Poster
Neurosymbolic World Models for Sequential Decision Making
Leonardo Hernandez Cano · Maxine Perroni-Scharf · Neil Dhir · Arun Ramamurthy · Armando Solar-Lezama
East Exhibition Hall A-B #E-1506
We present Structured World Modeling for Policy Optimization (SWMPO), a framework for unsupervised learning of neurosymbolic Finite State Machines (FSM) that capture environmental structure for policy optimization. Traditional unsupervised world modeling methods rely on unstructured representations, such as neural networks, that do not explicitly represent high-level patterns within the system (e.g., patterns in the dynamics of regions such as \emph{water} and \emph{land}).Instead, SWMPO models the environment as a finite state machine (FSM), where each state corresponds to a specific region with distinct dynamics. This structured representation can then be leveraged for tasks like policy optimization. Previous works that synthesize FSMs for this purpose have been limited to discrete spaces, not continuous spaces. Instead, our proposed FSM synthesis algorithm operates in an unsupervised manner, leveraging low-level features from unprocessed, non-visual data, making it adaptable across various domains. The synthesized FSM models are expressive enough to be used in a model-based Reinforcement Learning scheme that leverages offline data to efficiently synthesize environment-specific world models.We demonstrate the advantages of SWMPO by benchmarking its environment modeling capabilities in simulated environments.

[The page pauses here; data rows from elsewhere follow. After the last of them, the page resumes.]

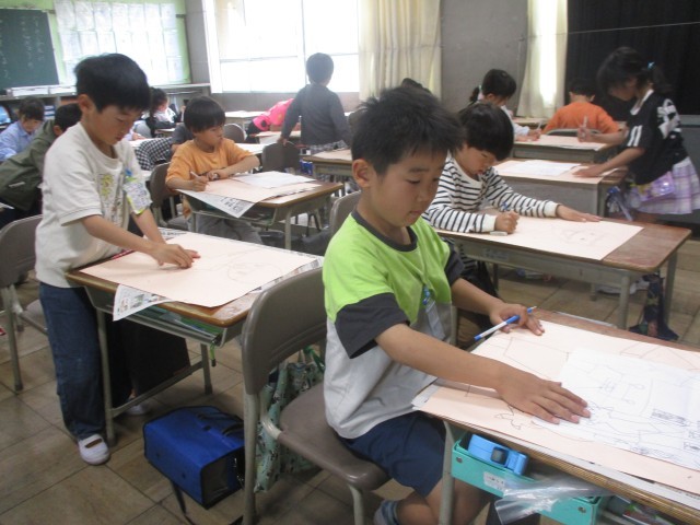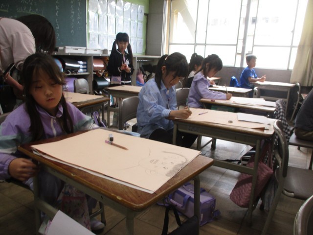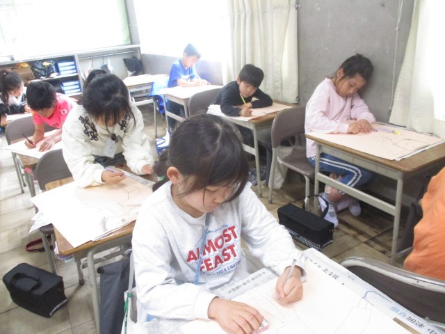 図工の授業の様子です。学校であった「たのしかったこと」や「ドキドキしたこと」を画用紙に描いています。完成が楽しみですね。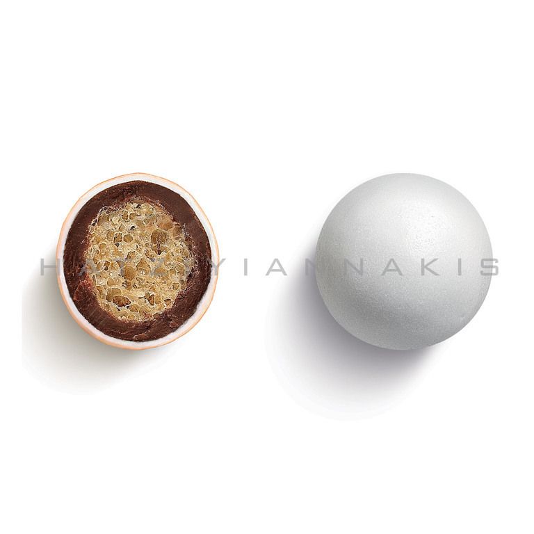Τραγανός πυρήνας από δημητριακά & σοκολάτα γάλακτος με λεπτή επικάλυψη ζάχαρης.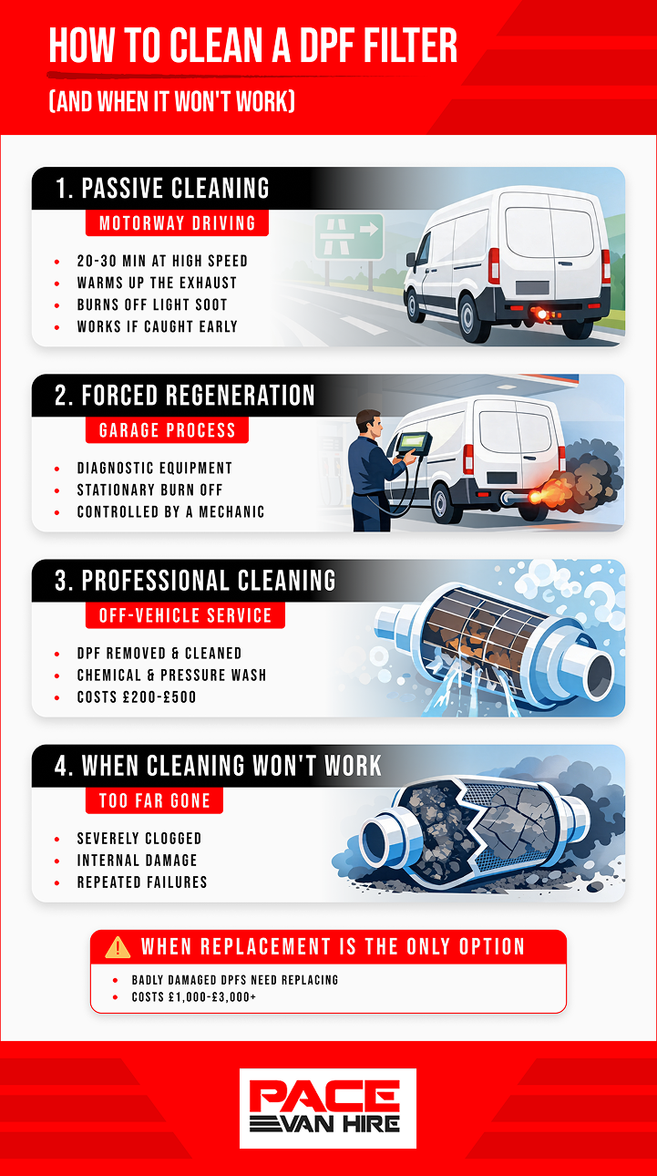 In the early stages of a blockage, the simplest way to clean a DPF filter is just by driving the van properly.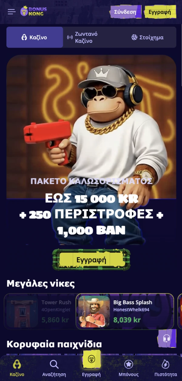 Η mobile διάταξή μας είναι φτιαγμένη για χρήση με το ένα χέρι και ευανάγνωστη προβολή σε μικρότερες οθόνες. Τα μενού είναι σύντομα, τα κουμπιά πατιούνται εύκολα και η διαδρομή από το lobby στο παιχνίδι είναι άμεση. Αυτό έχει σημασία όταν μετακινείστε μεταξύ ενοτήτων όπως live καζίνο, ταμείο, υποστήριξη και φρουτάκια BonusKong χωρίς να χάνετε χρόνο σε περιττά βήματα.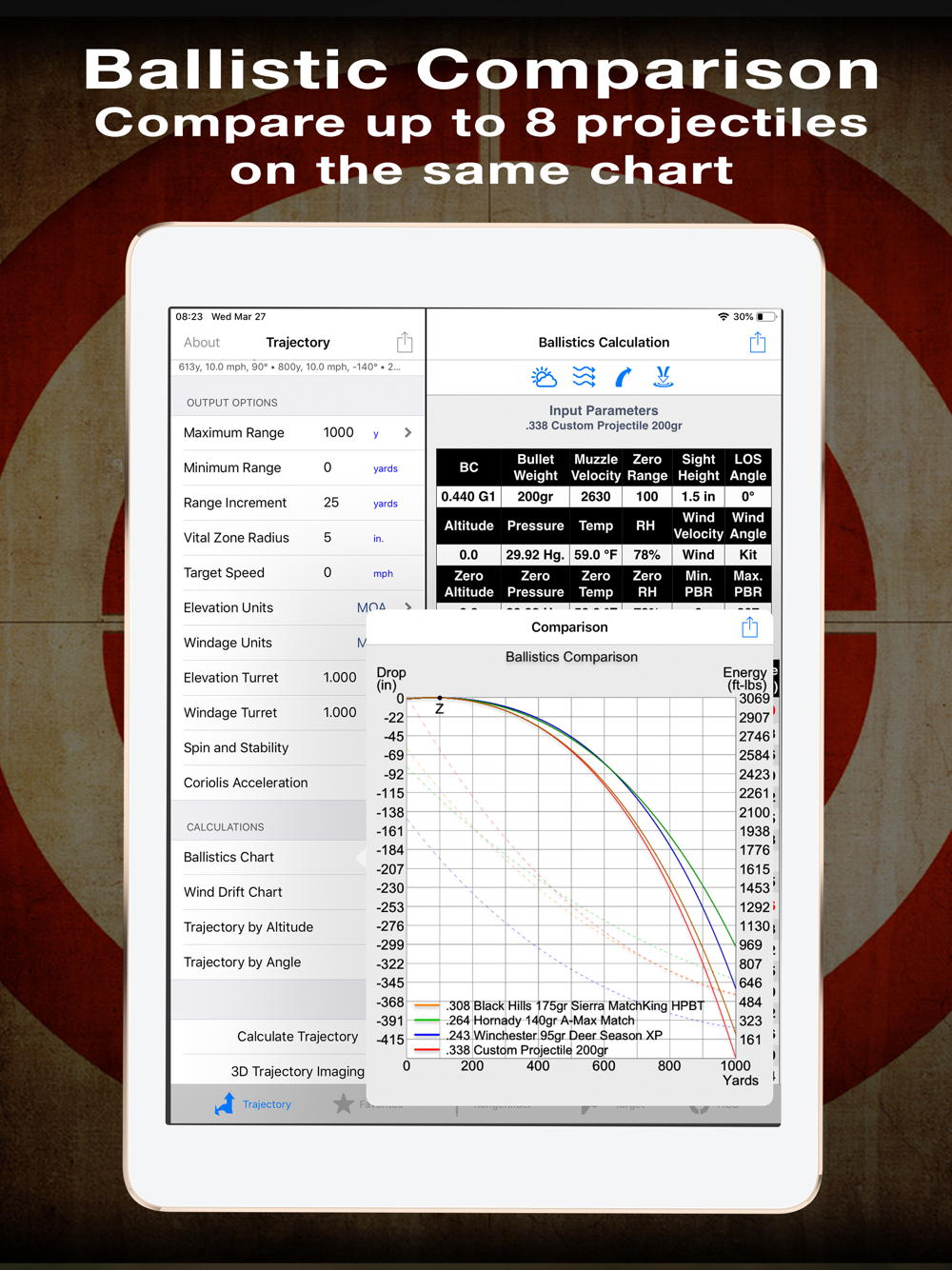 - Ballistic Charts: Display a chart of the current projectile including drop, energy, and velocity. Compare wind drift and up to eight projectiles on the same chart. Zoom charts up to 300% or save a full size chart to your photo album.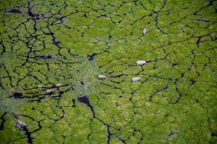 The 800-mile-long Okavango is “the river that never finds the sea,” disappearing into a remarkable maze of lagoons and channels to create the Okavango Delta. We’ll take a scenic boat ride to our next setting: the remote western corner of the Delta, the perfect place to explore on foot and by motorboat and mokoro (a dugout canoe navigated by a skilled poler). We should see bushbucks, a rainbow of birdlife, the shy sitatungas and semi-aquatic lechwe antelopes, and perhaps even buffalos and elephants. We’ll appreciate the calm solitude of this quintessential Delta setting.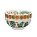 茶碗 色絵 松竹梅は、茶碗の口ぶちには黄色い帯が巻かれ、緑と赤で福と壽の文字が描かれています。

We tackle the problem of automatically discovering and exploiting 'high-level structure' from robot sensors.For instance, consider a robot that operates in (say) two conditions: water and land; we are interested in using sensor data to automatically build a representation (i.e., model) of the robot's environment that is structured into two 'parts', one of for each condition.To this end, we describe a system designed to learn this type of structured model, and then show that this representation can be used to efficiently build models of new environments (by reusing the 'parts') and to train the robot 'in simulation' (i.e., using the model).